Required work
Reproduce every line of the listing as written, apart from the pictures.
[Data extract Boundary: Start]
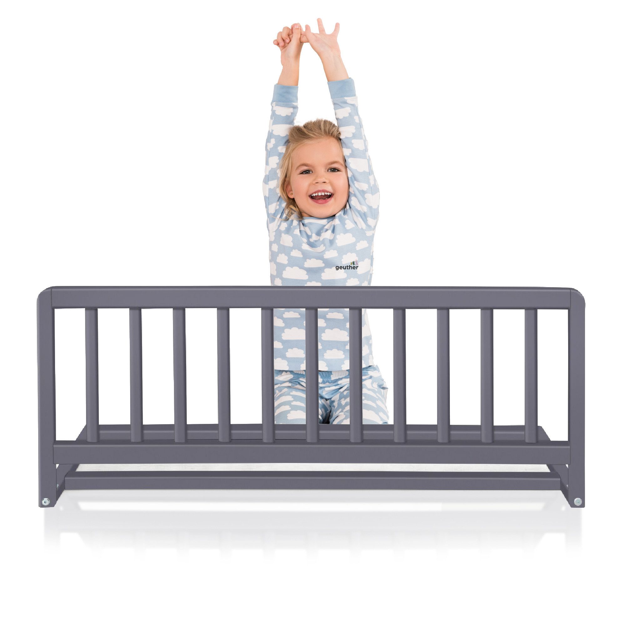Das Bettschutzgitter von Geuther schützt die Kleinen vor dem Herausfallen aus dem großen (Eltern-)Bett und lässt Eltern unbesorgt schlafen. Die stabilen Stäbe bieten maximale Sicherheit. Das Gitter wird einfach unter die Matratze geschoben und am Lattenrost befestigt - wird es nicht benötigt, kann es einfach und platzsparend zusammengeklappt werden. Aus massivem Buchenholz gefertigt ist es für Matratzen mit einer Длина von 140 bis 190 cm und einer Höhe von max. 18 cm geeignet.
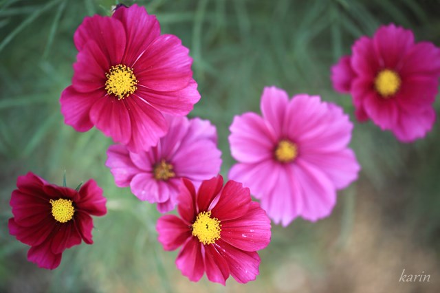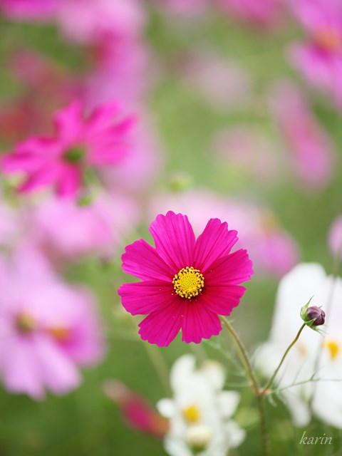 赤色のコスモスの花言葉は「乙女の愛情」、「調和」です。真っ赤ではなくて、少し紫ががった濃いピンクのコスモスが多いのですが、赤というとやはり愛のイメージ。そして人を愛する気持ちが調和を生みます。コスモスの花は淡い色合いが多い中で、このような濃い色合いの花が数輪あるだけでも引き締まって、またピンクや白を引き立てる役割もしてくれますね。
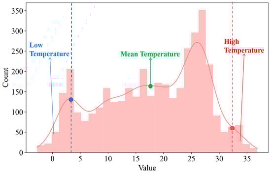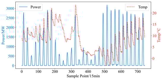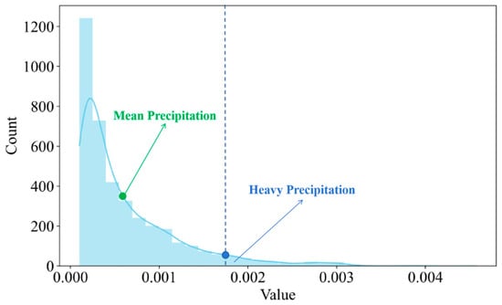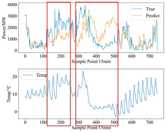 However, since the effects of certain high-impact weather processes are specifically reflected in the NWP data, in this case a serious drop in both actual and predicted power occurs, although the power prediction error does not change much. For example, for PV farms, the occurrence of heavy-precipitation weather events is usually accompanied by low irradiation intensity, leading to a consequent decrease in the power prediction results using irradiation intensity as a model input, which, coupled with the pronounced diurnal periodicity of PV farms, results in a very insignificant change in the power prediction error as reflected. Therefore, another definition method directly considers the case of new energy farms with abnormal outputs and judges all of these time points as possible high-impact weather processes. The subsequent practice is consistent with the previous one, assuming that the sensitive weather factor data corresponding to these time points satisfy normal distribution, calculating their mean value and standard deviation, and then taking the data points that deviate from the mean value by 1–2 standard deviations to be defined as the meteorological factor threshold for the new energy high-impact weather process, and the time points corresponding to the meteorological data higher than this threshold are defined as the time points where the new energy high-impact weather process occurs.
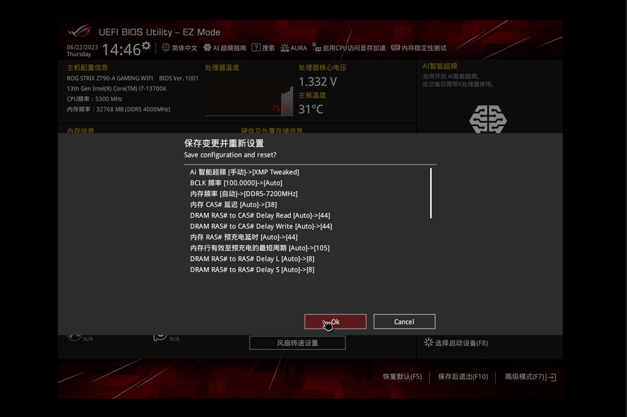 全部配置完成后,选择保存配置并重启电脑,至此超频完成。
[Data extract Boundary: End]
Answer for the task
Das Bettschutzgitter von Geuther schützt die Kleinen vor dem Herausfallen aus dem großen (Eltern-)Bett und lässt Eltern unbesorgt schlafen. Die stabilen Stäbe bieten maximale Sicherheit. Das Gitter wird einfach unter die Matratze geschoben und am Lattenrost befestigt - wird es nicht benötigt, kann es einfach und platzsparend zusammengeklappt werden. Aus massivem Buchenholz gefertigt ist es für Matratzen mit einer Длина von 140 bis 190 cm und einer Höhe von max. 18 cm geeignet.
 赤色のコスモスの花言葉は「乙女の愛情」、「調和」です。真っ赤ではなくて、少し紫ががった濃いピンクのコスモスが多いのですが、赤というとやはり愛のイメージ。そして人を愛する気持ちが調和を生みます。コスモスの花は淡い色合いが多い中で、このような濃い色合いの花が数輪あるだけでも引き締まって、またピンクや白を引き立てる役割もしてくれますね。
 However, since the effects of certain high-impact weather processes are specifically reflected in the NWP data, in this case a serious drop in both actual and predicted power occurs, although the power prediction error does not change much. For example, for PV farms, the occurrence of heavy-precipitation weather events is usually accompanied by low irradiation intensity, leading to a consequent decrease in the power prediction results using irradiation intensity as a model input, which, coupled with the pronounced diurnal periodicity of PV farms, results in a very insignificant change in the power prediction error as reflected. Therefore, another definition method directly considers the case of new energy farms with abnormal outputs and judges all of these time points as possible high-impact weather processes. The subsequent practice is consistent with the previous one, assuming that the sensitive weather factor data corresponding to these time points satisfy normal distribution, calculating their mean value and standard deviation, and then taking the data points that deviate from the mean value by 1–2 standard deviations to be defined as the meteorological factor threshold for the new energy high-impact weather process, and the time points corresponding to the meteorological data higher than this threshold are defined as the time points where the new energy high-impact weather process occurs.
 全部配置完成后,选择保存配置并重启电脑,至此超频完成。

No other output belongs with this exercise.